The humble earthworm,
my science teacher said,
cutting through its soft body
with no backbone,
showing us the segments.
Annelida. His thick fingers,
stained with nicotine,
pulled off its cocoon
for eggs—clitellum.
We girls stared—disgusted—
as the boys pulled more
from the plastic bag,
tearing the bodies apart
between them.
Today, in a different land,
rain’s driven them up
from winter’s burrows
to bird beaks.
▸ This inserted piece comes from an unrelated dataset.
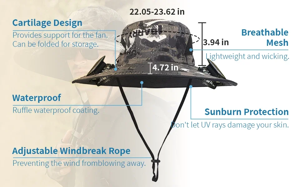 Upgrade your outdoor gear with the Men’s Solar Fan Hat with UPF50+ Protection.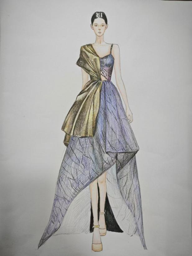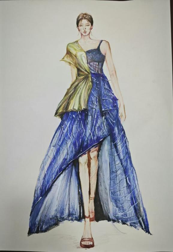 本次技能考核的內(nèi)容為現(xiàn)場(chǎng)抽簽決定,抽取內(nèi)容為《衡陽(yáng)幼兒師范高等??茖W(xué)校服裝與服飾設(shè)計(jì)專業(yè)技能考核題庫(kù)》的模塊一第一題,具體內(nèi)容是根據(jù)提供的服裝款式圖片(下圖左為圖一? 右為圖二),以手繪效果圖的形式表現(xiàn)服裝款式。手繪效果圖中人體動(dòng)態(tài)以正面或3/4側(cè)面為主,著色顏料主要為水粉顏料、水彩顏料、彩鉛或馬克筆,效果圖中服裝的色彩、面料質(zhì)地或圖案與提供的服裝款式圖片保持一致。效果圖繪畫于試卷正面。

Dropped:
stunned on the sidewalk,
stretched out like
swollen matchsticks,
drying in a strong wind.
The robins are hunting
the grass for fresher ones
and I look away, torn
between rescue and nature’s
law, and the time my
daughter found them
dying like this
on the driveway,
and dug earth
from the hard ground
with her fingertips
to fill a Tupperware
bowl to save them.
Now she is
painting her nails:
each one a pink
pearl at the end
of her fingers;
singing under
headphones,
a boy band’s
song of love
for the new millennium.
___
After training as an RN and then completing a BS degree in the UK, Rita Rud emigrated to the United States to marry her husband and completed her MFA at Purdue University. After grad school, she taught writing at her alma mater until she moved to Washington State, where she is now a professor for the Honors College and founder of its literary and arts journal which will be open to students in Honors programs in the Pacific Northwest.
Before attending grad school, she was the coordinating editor for Bookbird: World of Children’s Books. The recipient of multiple teaching and writing awards, she had the opportunity to study with Patricia Henley and Marianne Boruch, among others. She had several articles published in a local newspaper when she lived in North Carolina and won the Highlights for Children Annual Story Competition in 1994. Her readership now knows her as R.M. Rud.